两人把林知秋推进一间黑乎乎的小屋,锁上门。
屋里没有窗户,只有一张破床,一股霉味。
林知秋坐在床上,听着外面的动静。胖子和瘦子在说话,好像在商量怎么把货运出去。
天黑了,院子里安静下来。
林知秋躺在那张破床上,翻来覆去睡不着。
他想过逃跑,但门锁着,窗户封死了,根本出不去。他只能等。
而此时,江新月急坏了。
她坐在客厅里,看着墙上的钟,指针已经过了十一点。
林知秋早上出门时说去琉璃厂,下午就回来。
可现在快半夜了,人还没回来。
她打了好几个电话到干休所,没人接。
又打给马未都,马未都说今天没见着林知秋。
张桂芬在旁边急得团团转:“这孩子,去哪儿了也不说一声。你挺着大肚子,别等了,先睡吧。”
江新月摇摇头:“妈,我睡不着。您先睡。”
张桂芬叹了口气,回了屋。
江新月又等了一个小时,实在坐不住了。
她穿上外套,扶着墙,慢慢出了门。
院子里黑漆漆的,枣树的影子在地上晃。
她推着自行车,骑上去,肚子顶着车把,很不舒服。
但她顾不了那么多,一路骑到干休所。
干休所的门卫认识她,赶紧开门。
陈伯已经睡了,被护工叫醒,披着衣服出来,看见江新月站在客厅里,脸色煞白。
“新月?怎么了?”陈伯心里一紧。
江新月把林知秋失踪的事说了。
陈伯听完,脸色沉了下来。他点了一支烟,吸了两口,站起来,走到电话机旁,拨了一个号码。

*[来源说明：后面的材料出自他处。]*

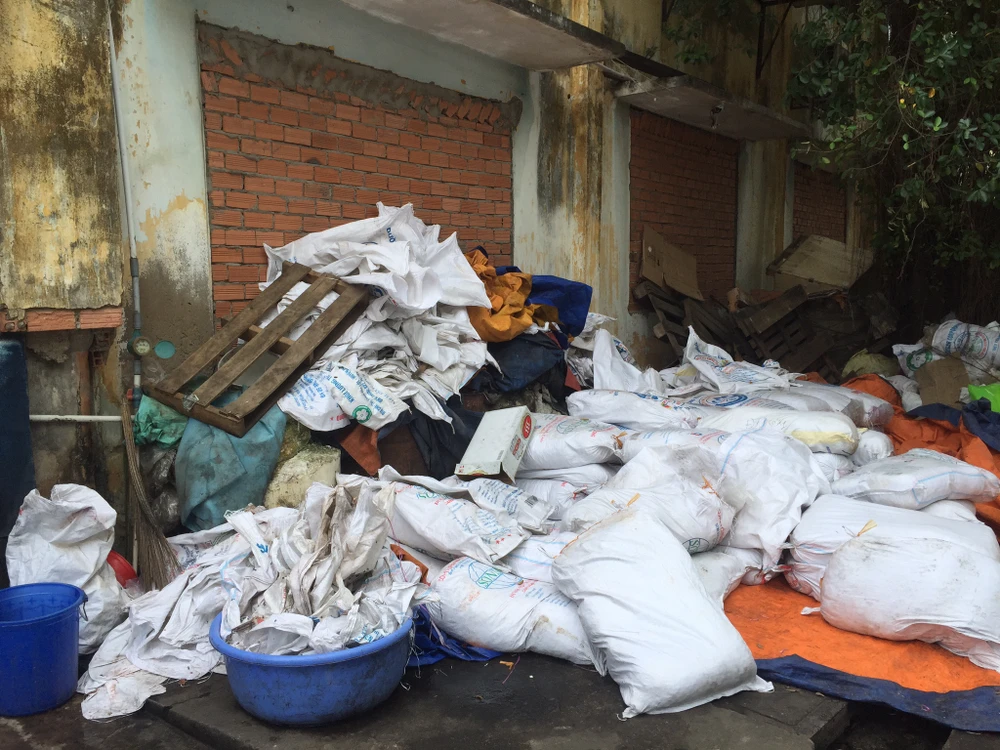 Những bao tải mứt 50 kg chất đống ngoài cửa kho hàng
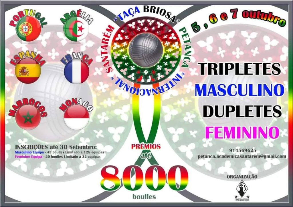 A cidade de Santarém vai ser palco, de 5 a 7 de Outubro, da Taça Briosa Internacional de Petanca, promovida pela Associação Académica de Santarém.
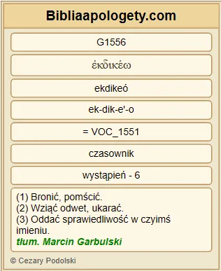 | L07 | Rz12_19 | Umiłowani G27 , nie wymierzajcie sami sobie sprawiedliwości G1556 , lecz pozostawcie to pomście G3709 ! Napisano bowiem G1125 : Do Mnie G1698 należy pomsta G1557 . Ja G1473 wymierzę zapłatę G467 – mówi G3004 Pan G2962 . |
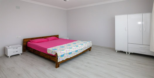 3. Yatak Odası : 1 adet çift kişilik yatak, klima, komodin, elbise dolabı, 2. ve 3. odanın tuvalet banyosu ortak kullanımdır, tuvalet banyo 2. katta odaların bulunduğu katta yer almaktadır.
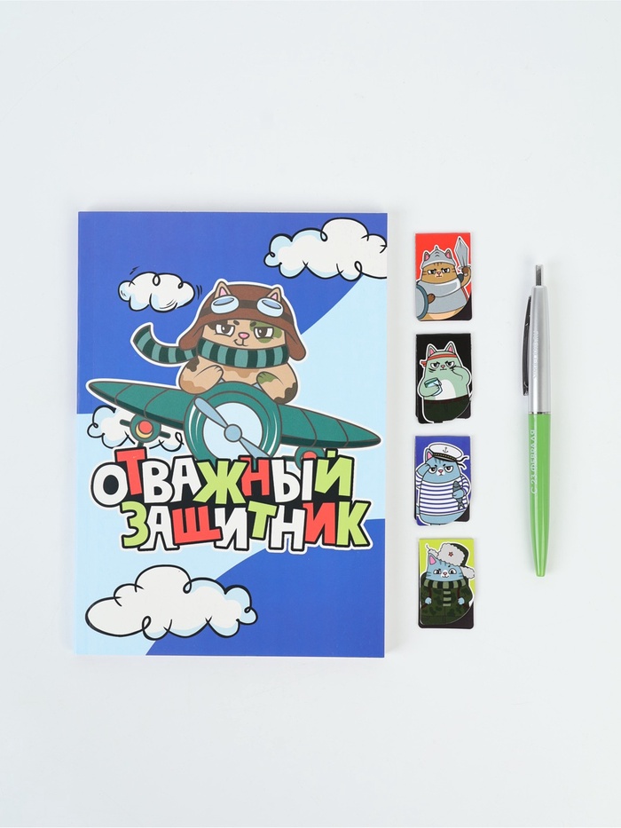 Подарочный набор, ежедневник А5, магнитные закладки, ручка «Юный герой»

“老李,我老陈。出事了。”他把情况简单说了,“林知秋可能被那伙人扣住了。你赶紧派人去找。”
挂了电话,他又拨了另一个号码。
这回是部队的。
“王首长,我老陈。有个急事。”
陈伯的声音又急又沉,“林知秋,就是写《高山下的花环》那个作家,可能被犯罪分子扣住了。他现在下落不明。”
电话那头沉默了几秒,然后传来一个洪亮的声音:“林知秋?你确定?”
“确定。他爱人现在在我这儿,急得不行。”
“他妈的!”
王首长骂了一句,“林知秋要是出了事,老子怎么跟全军交代?《高山下的花环》刚在全军推广,战士们都在学,他要是出了事,那不是打我们部队的脸吗?更何况他还是战斗英雄林汉生的亲弟弟!这事儿我们管定了!”
王首长挂了电话,立刻下令。
驻地部队紧急集合,装甲车、直升机全部待命。
不到一个小时,一个连的兵力就集结完毕,朝着陈伯提供的方向开去。
而此时,林知秋还不知道外面发生了什么。
他躺在小黑屋里,迷迷糊糊睡着了。
不知道过了多久,忽然听见外面传来轰隆隆的声音。
他猛地坐起来,竖起耳朵听。那声音越来越近,越来越响,像是发动机的轰鸣,又像是螺旋桨的旋转。